The purpose of this paper is to illustrate, using examples, how each measure is used, what it means, and what are its advantages and disadvantages.
Some pairs of measures present equivalent information. Furthermore, it is shown that different measures result in different impressions.
It is recommended that researchers report both a relative and an absolute measure and present these with appropriate confidence intervals.
In recent years, the amount of available information in medical literature has increased rapidly, and as more studies are performed, the results have become more easily accessible. Even patients in the Internet era are aware of current research. The problem is how to judge the evidence in various published studies and decide whether it justifies changing the existing treatment for a new one. “At the mention of the term ‘statistics’, most physicians react with a groan of confusion and annoyance.”
The main difficulty in the comparison of different treatments lies in the fact that they are almost never compared, in a preplanned study, against each other. Instead, most studies compare the new treatment with a placebo. Moreover, the end points of the studies may differ, the initial severity of the disease may be different, the studies look at different subsets of patients who had previously been exposed to different drugs, and the outcome criteria may be different. These problems imply limitations to any systematic review of placebo-controlled trials designed for regulatory purposes . Obviously, the best way to compare several treatments is to design a study that will include all treatments to be compared, but that is a hard task to accomplish for regulatory purposes.
In the past few years, the issue of integrating the results of several independent studies has been the topic of many articles. While some suggest using only relative risk , or absolute risk reduction , others advocate use of the number needed to treat criteria [5,6], and some consider the odds ratio to be the method of choice . Obviously, the choice of method is linked to the type of study and its design. For retrospective studies and for cross-sectional studies, in which the aim is to look at the association rather than differences, the odds ratio is recommended, while a relative risk or risk difference cannot be meaningfully calculated. Risk calculations are only meaningful in follow-up studies. Odds ratio is also used in case-control studies, in which the relative risk cannot be estimated.

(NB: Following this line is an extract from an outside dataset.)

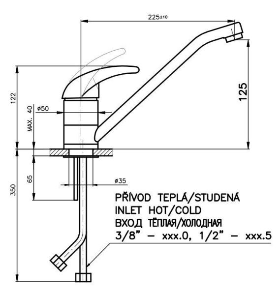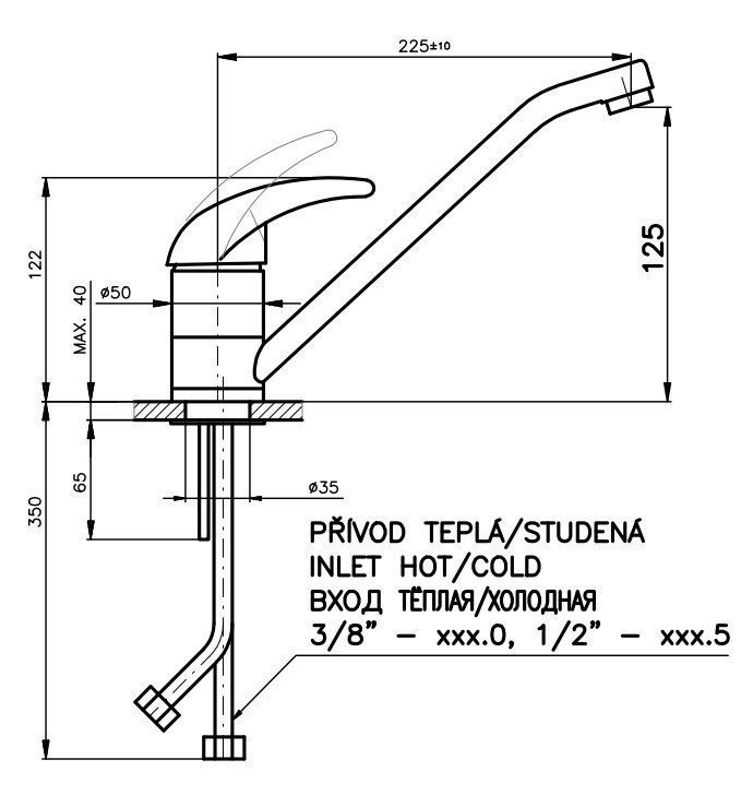 • Высота смесителя: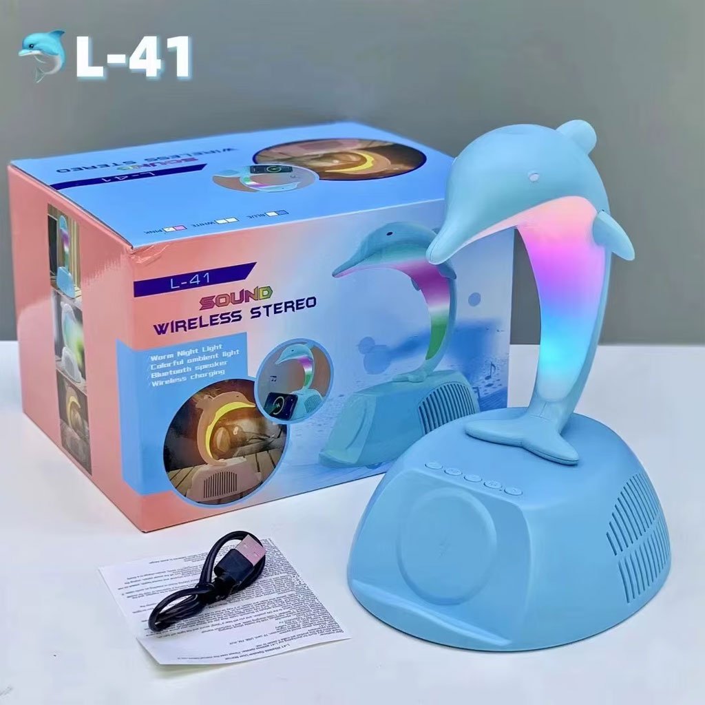 [Design Unique & Élégant] : Avec sa forme de dauphin moderne et épurée, cet appareil n’est pas seulement un gadget technologique, mais un véritable objet de décoration qui apporte une touche de douceur à votre intérieur. [Multifonction 4-en-1] : Profitez d’un combiné performant regroupant un haut-parleur Bluetooth haute fidélité, une lampe d’ambiance colorée, une veilleuse apaisante et une station de charge sans fil rapide. [Chargeur Sans Fil Rapide 15W] : Rechargez votre smartphone en toute simplicité en le posant simplement sur la base de l’appareil. Idéal pour votre table de nuit ou votre bureau (compatible avec les téléphones dotés de la technologie Qi). [Ambiance Lumineuse Personnalisable] : Choisissez parmi 256 modes d’éclairage et des couleurs RGB éclatantes pour créer l’atmosphère parfaite selon votre humeur : lecture, relaxation ou soirée festive. [Connectivité Totale] : Écoutez votre musique préférée via Bluetooth, port USB, carte TF (micro SD) ou entrée AUX. L’appareil dispose également d’une fonction Radio FM intégrée pour ne jamais manquer vos émissions favorites. [Autonomie & Portabilité] : Équipé d’une batterie au lithium rechargeable de 1200 mAh, profitez de 2 à 3 heures de lecture sans fil. Son format compact permet de le déplacer facilement d’une pièce à l’autre. Caractéristique Détails Modèle L-41 Puissance de charge sans fil Jusqu’à 15W Haut-parleur 5W / 45mm Batterie 1200mAh / 3.7V Modes de lumière 256 types d’effets LED Connectiques Bluetooth, Carte TF, USB, FM, AUX Dimensions 170mm x 140mm x 209mm Contenu du pack 1x Enceinte, 1x Câble de charge USB, 1x Manuel d’utilisation

In the present article, we are mainly concerned with controlled studies. We will describe the different measures of treatment effects along with their advantages and disadvantages and summarize some of the debates regarding which one is to be used, as reported in the medical literature in recent years. Because the choice of treatment depends on the measure being used, it is important that the practitioner and the patient understand the differences between the measures. We hope that this understanding will help in choosing the proper measure for the case and recommend that both a relative and an absolute measure be reported to give a more complete picture.
Absolute risk reduction. The basic and simplest measure is the absolute risk reduction (ARR), also called the risk difference. That is, as a result of using the treatment, is the risk of an event reduced by a clinically meaningful amount? The calculation is just the difference between the risk of an event in the control group and the risk of an event in the treated group.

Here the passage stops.